#### [TASK ITEM]
Write down exactly what lies from the line containing "在農(nóng)業(yè)農" to the end of the records, inclusive, and omit the pictures.

#### [Collection entries]
━━━━━━━━━━

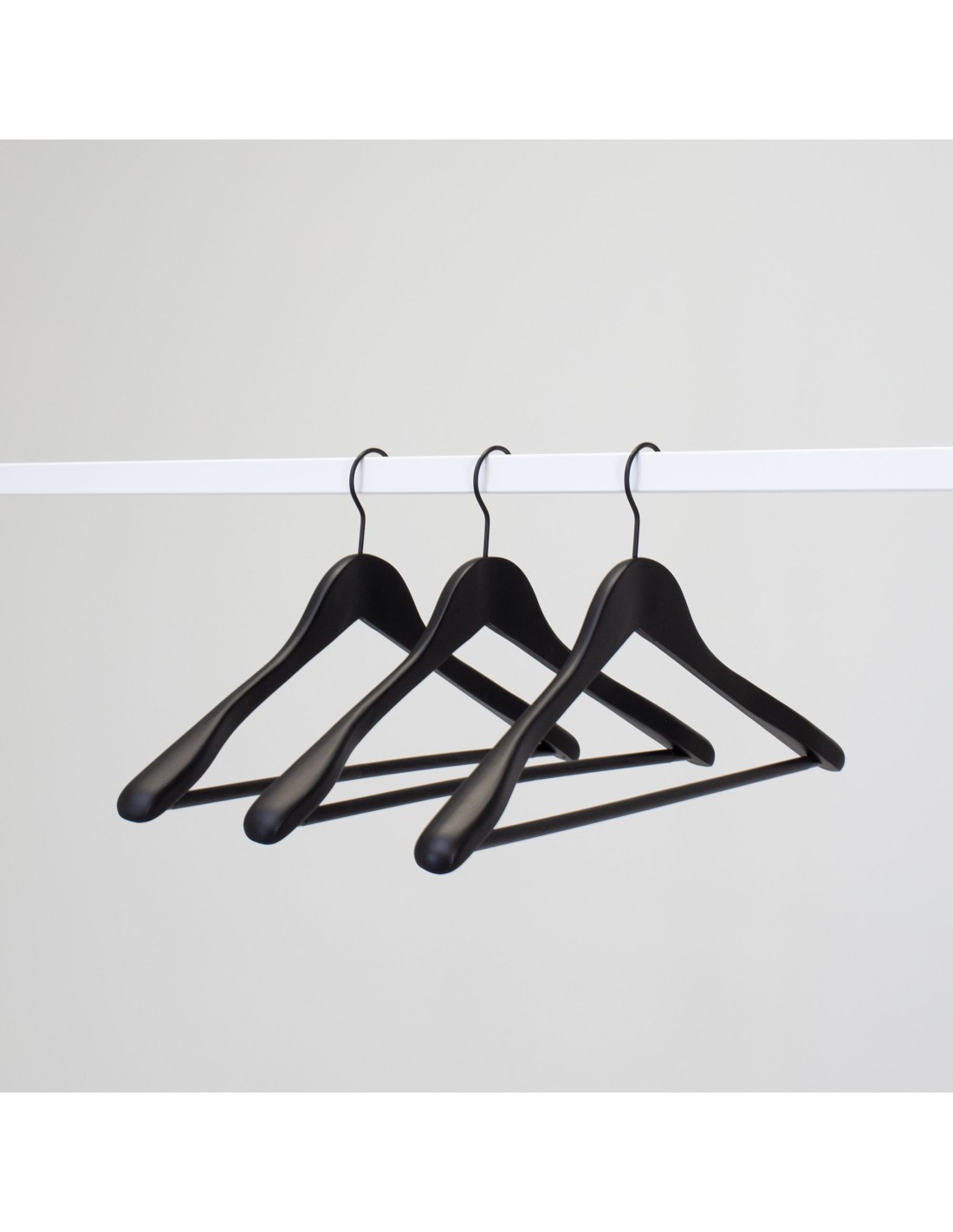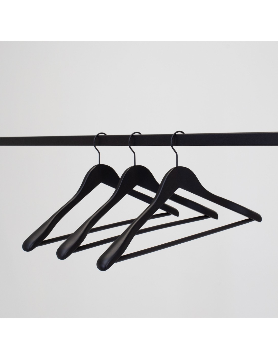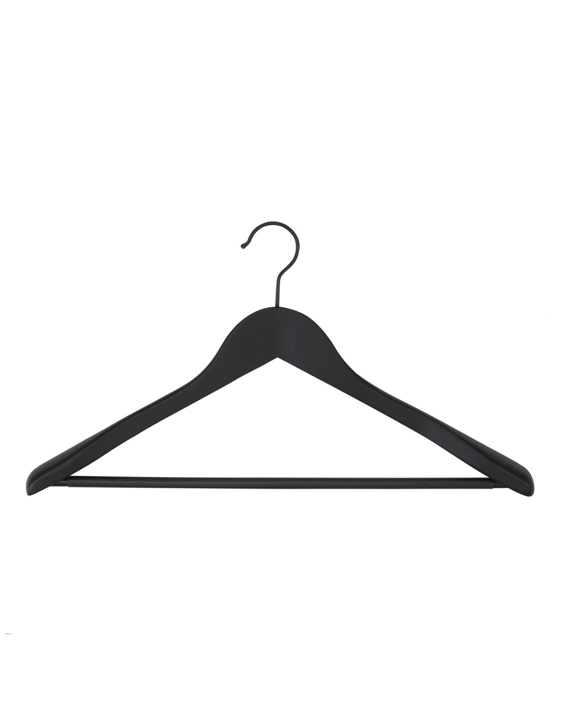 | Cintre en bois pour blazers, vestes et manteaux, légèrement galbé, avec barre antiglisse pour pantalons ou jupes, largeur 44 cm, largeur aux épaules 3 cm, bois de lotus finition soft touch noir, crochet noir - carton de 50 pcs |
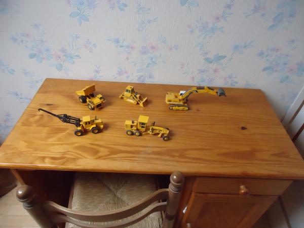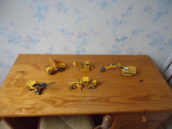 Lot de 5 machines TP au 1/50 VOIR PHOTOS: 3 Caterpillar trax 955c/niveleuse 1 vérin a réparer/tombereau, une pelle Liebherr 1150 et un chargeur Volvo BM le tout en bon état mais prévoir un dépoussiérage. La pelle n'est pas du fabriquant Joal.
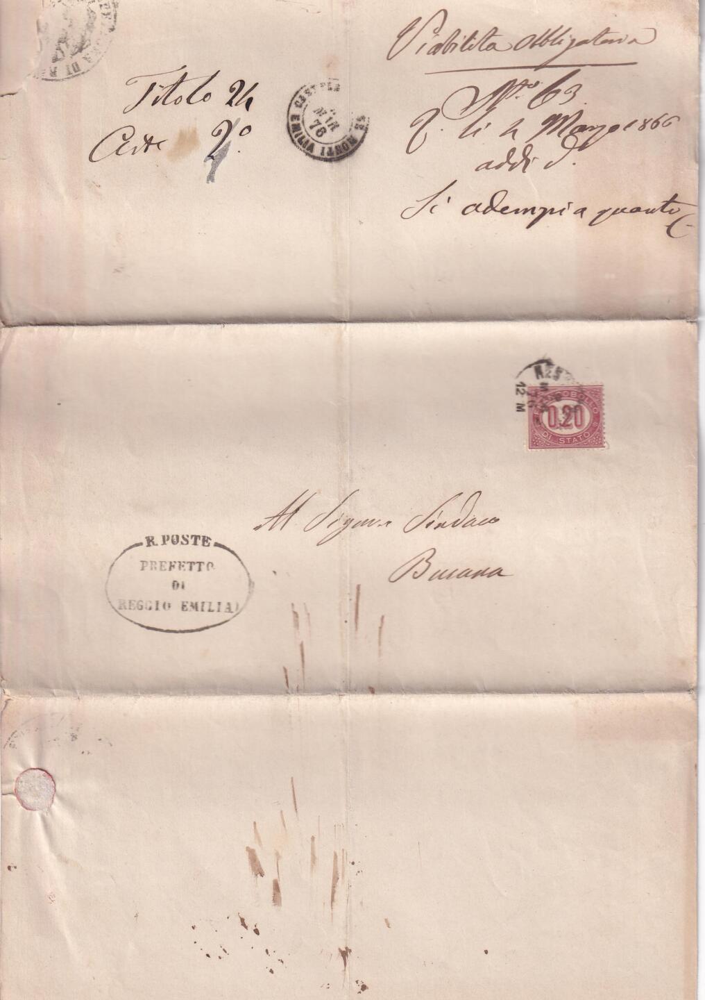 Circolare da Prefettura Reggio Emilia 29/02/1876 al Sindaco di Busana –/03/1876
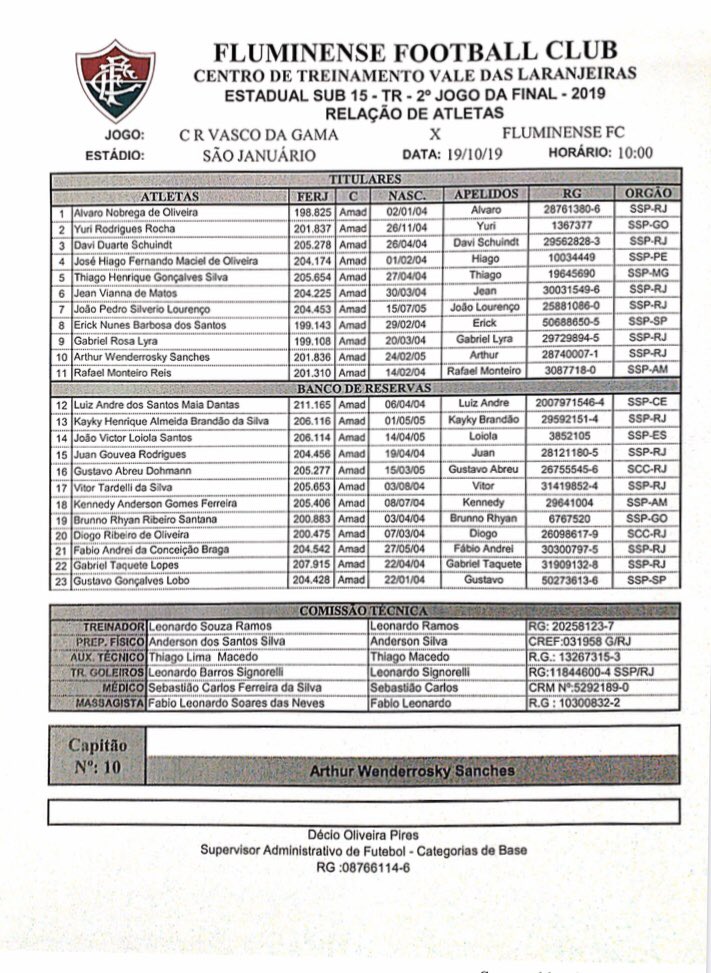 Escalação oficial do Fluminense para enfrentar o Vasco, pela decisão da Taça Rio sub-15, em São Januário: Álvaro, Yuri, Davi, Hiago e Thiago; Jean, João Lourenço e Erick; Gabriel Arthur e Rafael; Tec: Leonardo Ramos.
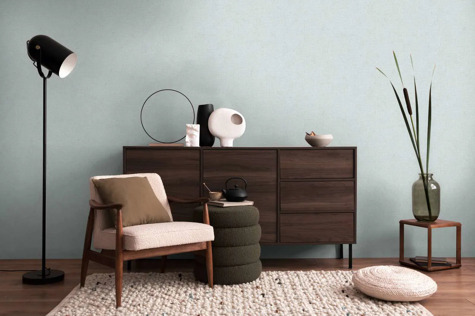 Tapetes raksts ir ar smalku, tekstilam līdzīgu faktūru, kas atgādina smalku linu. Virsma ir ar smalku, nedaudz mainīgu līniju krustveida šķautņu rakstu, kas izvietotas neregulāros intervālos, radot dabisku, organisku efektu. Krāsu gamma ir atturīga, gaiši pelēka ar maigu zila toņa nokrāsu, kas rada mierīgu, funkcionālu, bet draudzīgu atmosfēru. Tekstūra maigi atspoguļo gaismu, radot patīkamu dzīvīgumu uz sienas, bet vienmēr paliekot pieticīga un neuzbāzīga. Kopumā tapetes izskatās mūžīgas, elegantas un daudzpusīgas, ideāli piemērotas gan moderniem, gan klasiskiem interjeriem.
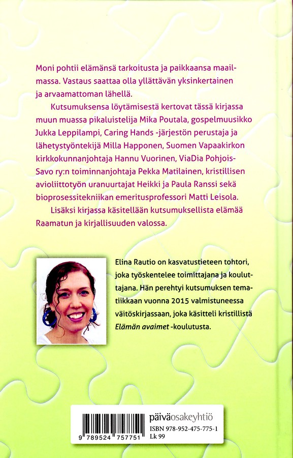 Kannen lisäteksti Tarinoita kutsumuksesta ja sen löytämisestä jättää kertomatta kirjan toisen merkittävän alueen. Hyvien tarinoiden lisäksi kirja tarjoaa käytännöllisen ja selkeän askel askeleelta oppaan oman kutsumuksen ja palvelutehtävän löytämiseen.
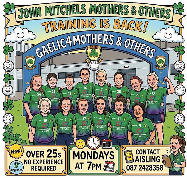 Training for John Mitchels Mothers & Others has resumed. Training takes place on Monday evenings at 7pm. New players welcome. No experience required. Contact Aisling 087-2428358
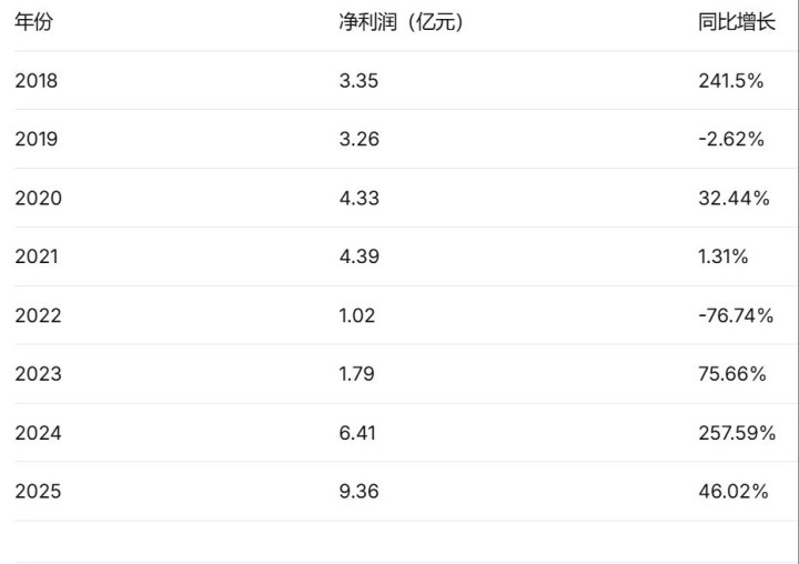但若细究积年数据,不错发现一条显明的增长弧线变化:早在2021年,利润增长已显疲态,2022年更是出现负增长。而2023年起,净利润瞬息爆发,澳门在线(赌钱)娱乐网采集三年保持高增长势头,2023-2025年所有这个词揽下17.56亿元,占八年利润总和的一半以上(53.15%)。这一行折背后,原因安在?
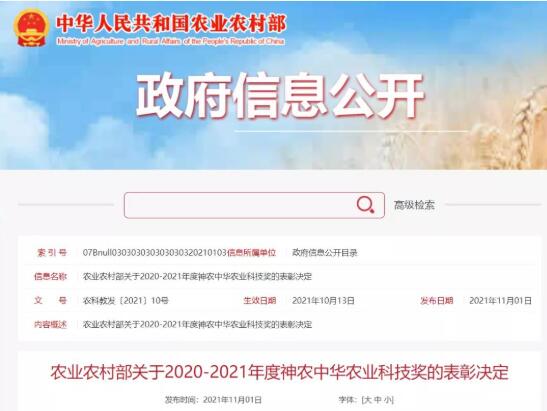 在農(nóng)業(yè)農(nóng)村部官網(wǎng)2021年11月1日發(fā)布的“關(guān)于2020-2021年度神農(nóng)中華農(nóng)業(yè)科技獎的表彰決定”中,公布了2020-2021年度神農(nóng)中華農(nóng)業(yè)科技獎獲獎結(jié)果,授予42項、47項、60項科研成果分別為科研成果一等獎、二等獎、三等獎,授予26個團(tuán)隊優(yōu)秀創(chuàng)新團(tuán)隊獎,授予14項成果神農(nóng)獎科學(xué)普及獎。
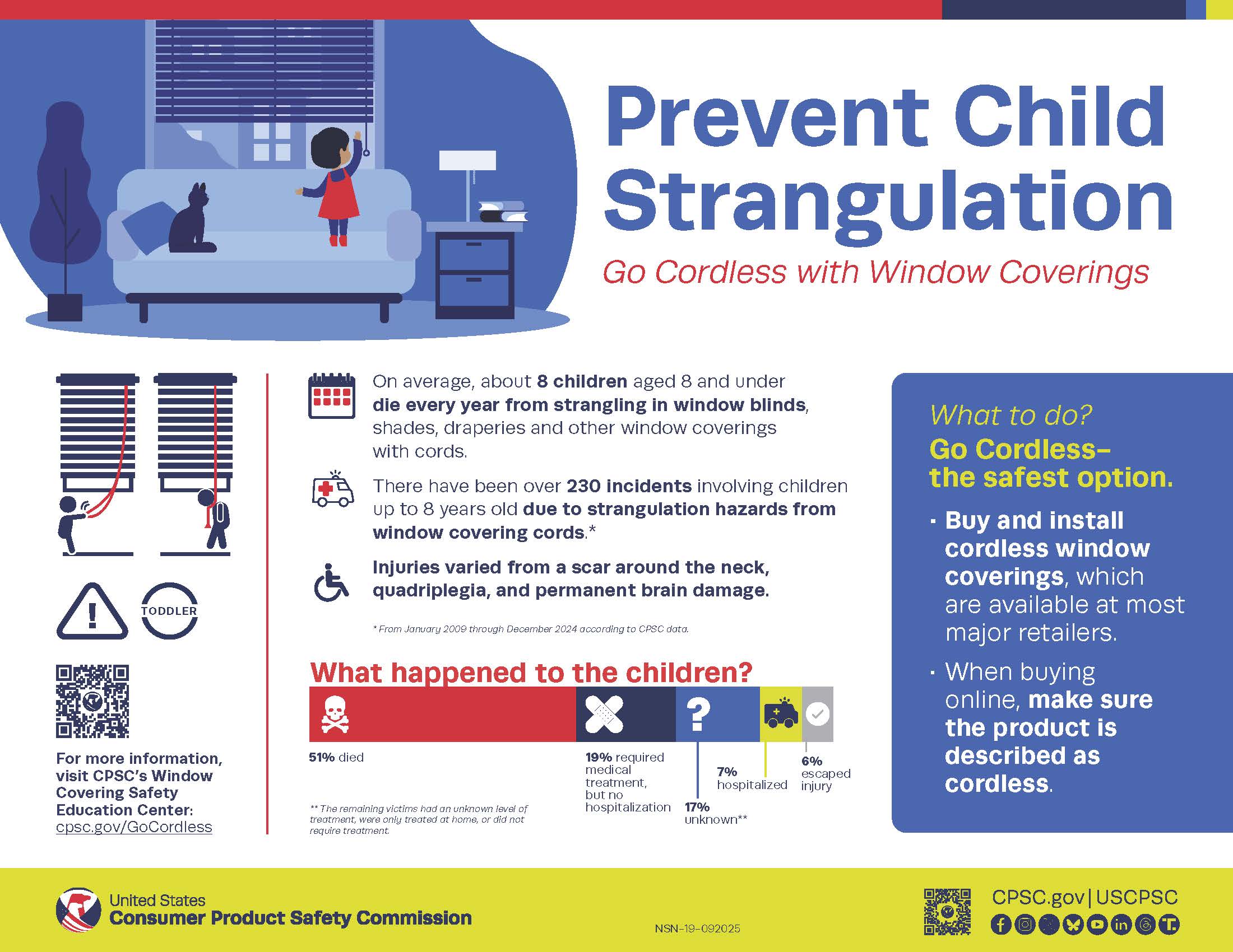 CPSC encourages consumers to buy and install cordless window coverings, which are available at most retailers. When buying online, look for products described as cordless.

━━━━━━━━━━

#### [ANSWER FOR THE TASK]
 在農(nóng)業(yè)農(nóng)村部官網(wǎng)2021年11月1日發(fā)布的“關(guān)于2020-2021年度神農(nóng)中華農(nóng)業(yè)科技獎的表彰決定”中,公布了2020-2021年度神農(nóng)中華農(nóng)業(yè)科技獎獲獎結(jié)果,授予42項、47項、60項科研成果分別為科研成果一等獎、二等獎、三等獎,授予26個團(tuán)隊優(yōu)秀創(chuàng)新團(tuán)隊獎,授予14項成果神農(nóng)獎科學(xué)普及獎。
 CPSC encourages consumers to buy and install cordless window coverings, which are available at most retailers. When buying online, look for products described as cordless.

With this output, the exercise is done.